Managing Recurrent Postictal Worsening of Psychosis in Clozapine‐Treated Schizophrenia: A Case Report
Rafae Alam, Robert O. Cotes, David R. Goldsmith

TL;DR
A patient with schizophrenia on clozapine experienced worsened psychosis after a seizure, which was managed by temporarily increasing her medication dose.
Contribution
This case report provides a potential management strategy for postictal worsening of psychosis in clozapine-treated schizophrenia.
Findings
A 49-year-old woman with schizophrenia on clozapine experienced a seizure followed by worsened psychotic symptoms.
Increasing the clozapine dose at night successfully managed the postictal worsening of psychosis.
A similar episode occurred a year later, supporting the effectiveness of the management approach.
Abstract
Postictal worsening of psychosis can be described as the development or exacerbation of psychotic symptoms following a seizure.
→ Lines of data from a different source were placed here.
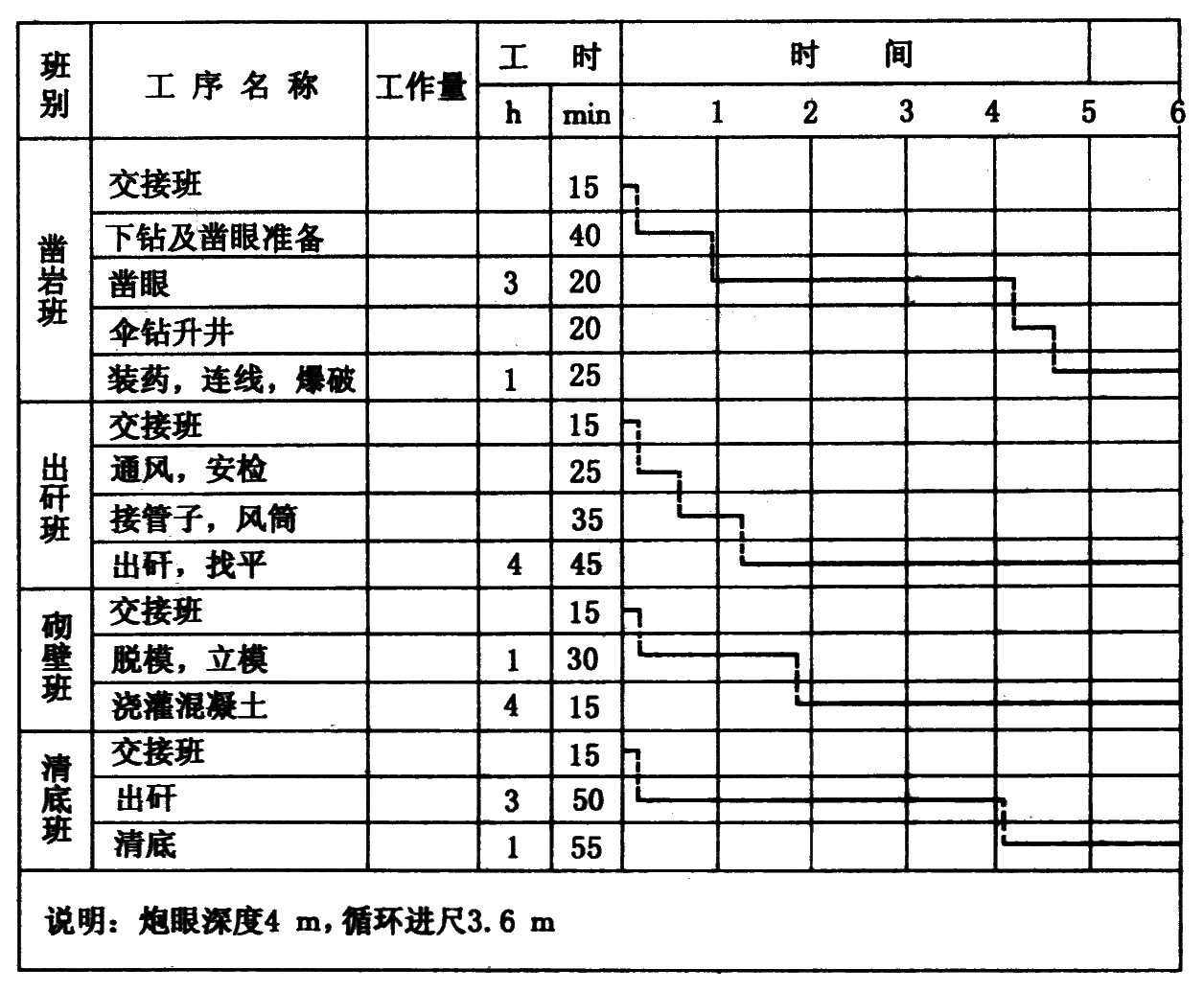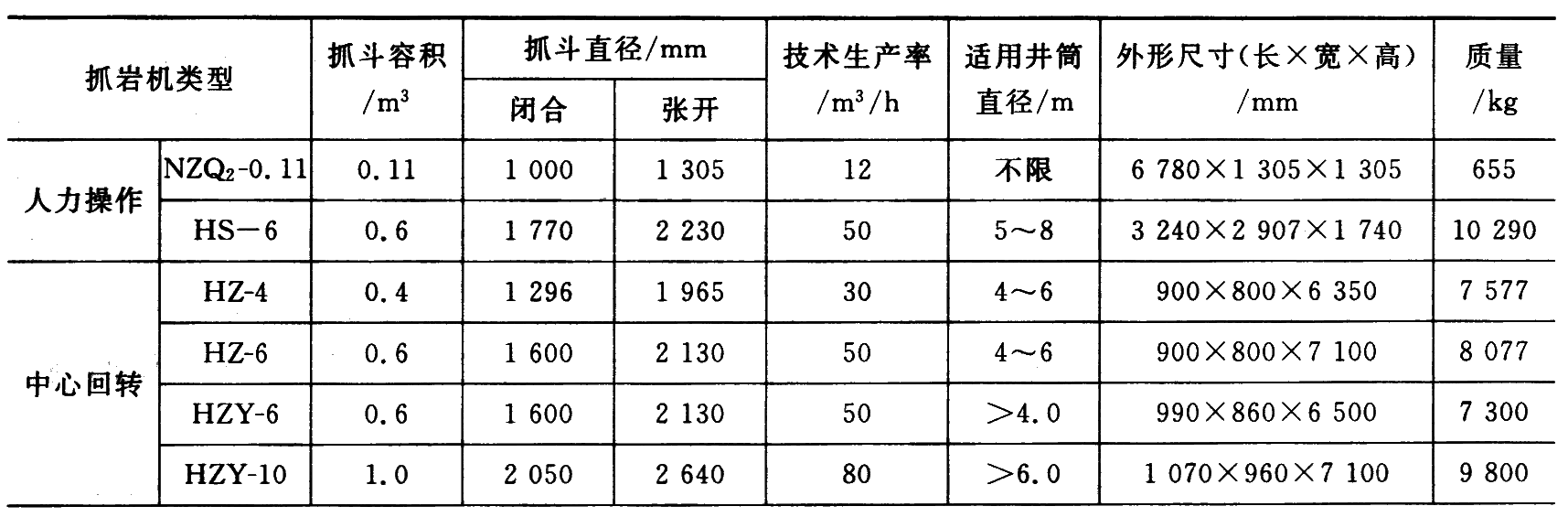 6—气动绞车;7—临时支护;8—抓岩机;9—吊桶
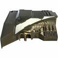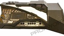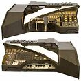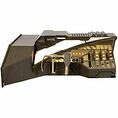 Tableau de bord en bois de production peint bronze antique avec des reflets vert foncé avec des panneaux de bord en acrylique dépoli avec des décalcomanies en bronze donnant l'apparence de nombreux boutons et commandes, a également dix commutateurs de cadran, quatre curseurs magnétiques, trois leviers en bronze, et un empiècement de contrôle en bronze avec des poignées en caoutchouc noir et un bouton de déclenchement faux, il y a aussi deux panneaux en acrylique givré avec des détails de ligne gravés sur le dessus de la face du tableau de bord, les panneaux en bronze et givré sont rétro-éclairés lorsque le tableau de bord est branché, la fonctionnalité est vérifiée, il y a aussi plusieurs lumières rendues non fonctionnelles par la production, mesures environ. 54,75 po x 43,25 po x 14,75 po.
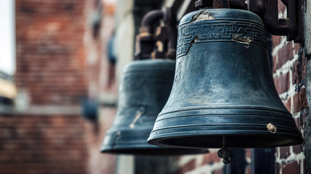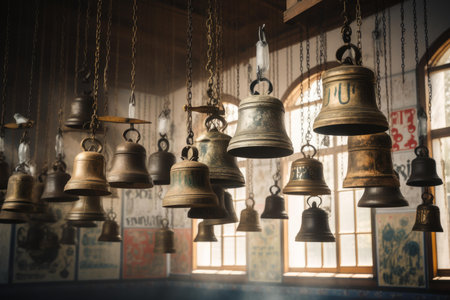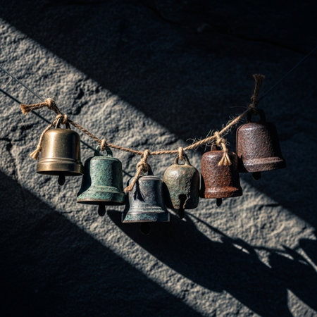 Captivating image of bronze bells casting shadows against a textured wall, creating a serene atmosphere. A beautiful blend of tradition and artistry in a peaceful setting.

Patients on clozapine for treatment‐resistant schizophrenia are at an increased risk for seizures and subsequent postictal worsening of psychosis. Because patients with schizophrenia may experience ongoing psychotic symptoms, it may be difficult to appreciate the development of postictal worsening of psychosis in these patients. We present the case of a 49‐year‐old woman with a longstanding history of schizophrenia treated with clozapine who presented to the emergency department (ED) after experiencing a seizure. In the following days, she and her mother reported an exacerbation of psychotic symptoms, which was ultimately attributed to a postictal worsening of psychosis. She was successfully treated after being prescribed an increased nightly dose of clozapine.…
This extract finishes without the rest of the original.